先ほどのコードに点数管理とゲームの開始トリガーを追記しました。
// ゲームの状態管理
let count = 0; // ゲームの回数
let miss = 0; // ミスの数
let right, left; // 手の判定結果
let poseData; //姿勢データ
// 手の判定を行う
function judgeHands(flagState) {
// 右手の判定
const rightHandY = poseData[0].keypoints[10].y <= 540 ? true : false;
const rightHandCondition = flagState[2];
right = (rightHandY && rightHandCondition) || (!rightHandY && !rightHandCondition)
? 'success'
: 'fail';
console.log(`右手: ${right}`);
// 左手の判定
const leftHandY = poseData[0].keypoints[9].y <= 540 ? true : false;
const leftHandCondition = flagState[3];
left = (leftHandY && leftHandCondition) || (!leftHandY && !leftHandCondition)
? 'success'
: 'fail';
console.log(`左手: ${left}`);
// ミスの集計
if (right === 'fail' || left === 'fail') {
console.log('減点!');
miss++;
}
const missDisplay = document.getElementById('miss');
missDisplay.textContent = `ミスの数: ${miss}`;
// ゲームの継続判定
const order = document.getElementById('order');
if (count < 10 && miss < 3) {
startGame(); // 次の回へ
} else if (miss >= 3) {
order.textContent = 'ゲームオーバー!';
} else {
order.textContent = 'ゲームクリア!';
}
}
// ゲームの開始
function startGame() {
console.log(`${count + 1}回目`);
count++;
const flagState = isFlagRised();
const order = document.getElementById('order');
order.textContent = flagState[0] + flagState[1];
// 3秒待機後に手の判定を行う
setTimeout(judgeHands, 3000, flagState);
}
ここで特筆すべきところはsetTimeout()です。◯秒後に処理を実行することができるメソッドです。注意点として、関数名()ではなく、関数名のみ記述します。
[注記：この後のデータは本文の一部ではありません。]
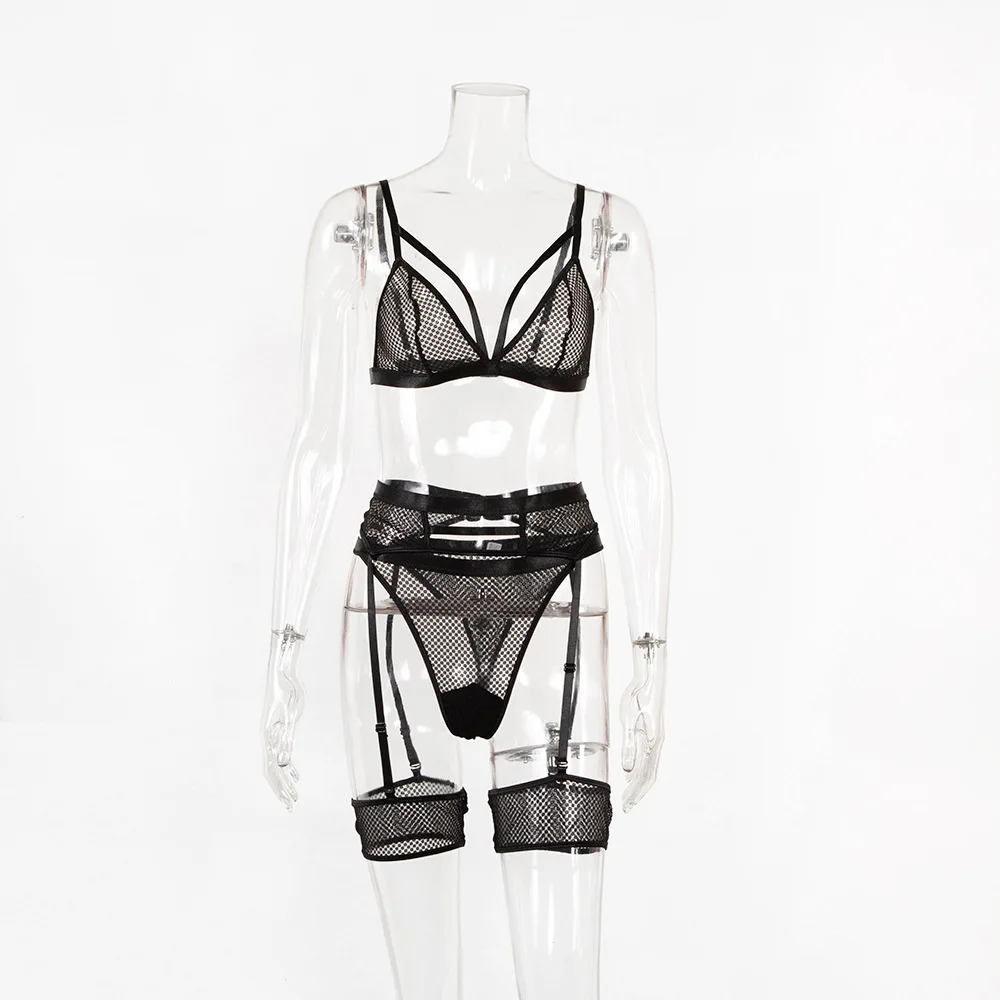 Комплект женского нижнего белья, сетчатые кружевные прозрачные бюстгальтеры, сексуальное женское нижнее белье и подвязки, комплект из 3 предметов, эротическое сексуальное белье, нижнее белье

setTimeout(関数名, 秒数(ミリ秒), 関数の引数);
//正:setTimeout(judgeHands, 3000, flagState);
//誤:setTimeout(judgeHands(), 3000, flagState);
あとは見慣れたものが多くなっているのではないのでしょうか。もちろん、まだまだ知らないものも多いと思うので適宜調べるようにしましょう。
仕上げ
これまでのコードをすべてまとめてzipファイルにしたので、まずはダウンロードしましょう。
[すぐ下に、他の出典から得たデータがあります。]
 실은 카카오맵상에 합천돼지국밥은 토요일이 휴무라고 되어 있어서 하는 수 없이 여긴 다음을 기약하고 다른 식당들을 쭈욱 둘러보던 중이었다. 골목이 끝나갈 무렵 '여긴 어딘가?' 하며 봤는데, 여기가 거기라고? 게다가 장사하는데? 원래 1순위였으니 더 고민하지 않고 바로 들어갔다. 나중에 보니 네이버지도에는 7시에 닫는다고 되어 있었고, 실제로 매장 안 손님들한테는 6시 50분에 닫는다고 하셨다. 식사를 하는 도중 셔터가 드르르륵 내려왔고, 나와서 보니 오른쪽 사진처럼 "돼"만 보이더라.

任意の場所で展開してLocal Serverで実行してみましょう。
こんな感じのテーブルが表示されると共に、いきなり問題が始まると思います。必要最低限の実装しかないためです。
今回の課題はこのゲームに味付けをするものにします。
課題
今回の課題はただひとつです。
- このゲームを自由に改変せよ
さすがに手放しが過ぎるので、いくつかアイデアを提供します。
- ゲームのスタート画面を作る
- ゲームの回数やミス数を変える
- 回数が増えると出題までの時間が短くなる
- canvasに回数やミス数を表示する
- 出題を音声で読み上げる
- 足挙げも追加する
などなど、たくさんできることはあると思うので、スクラップ&ビルドしまくってください。
まとめ
お疲れ様でした。初めてJavaScripとMoveNetに触れた人にとってはなかなか難しい課題も多かったと思いますが、ここまで読んでくれた方はかなり力がついていると思います。
このあとは自分でゲームを作ってみてください。手を挙げたらキャラクターがジャンプする横スクロールゲームからスクワットの回数をカウントするソフトなど、なんでもできると思います。
困ったときは基本的にここを見れば解決できるので、ぜひ参考にしてください。それでは。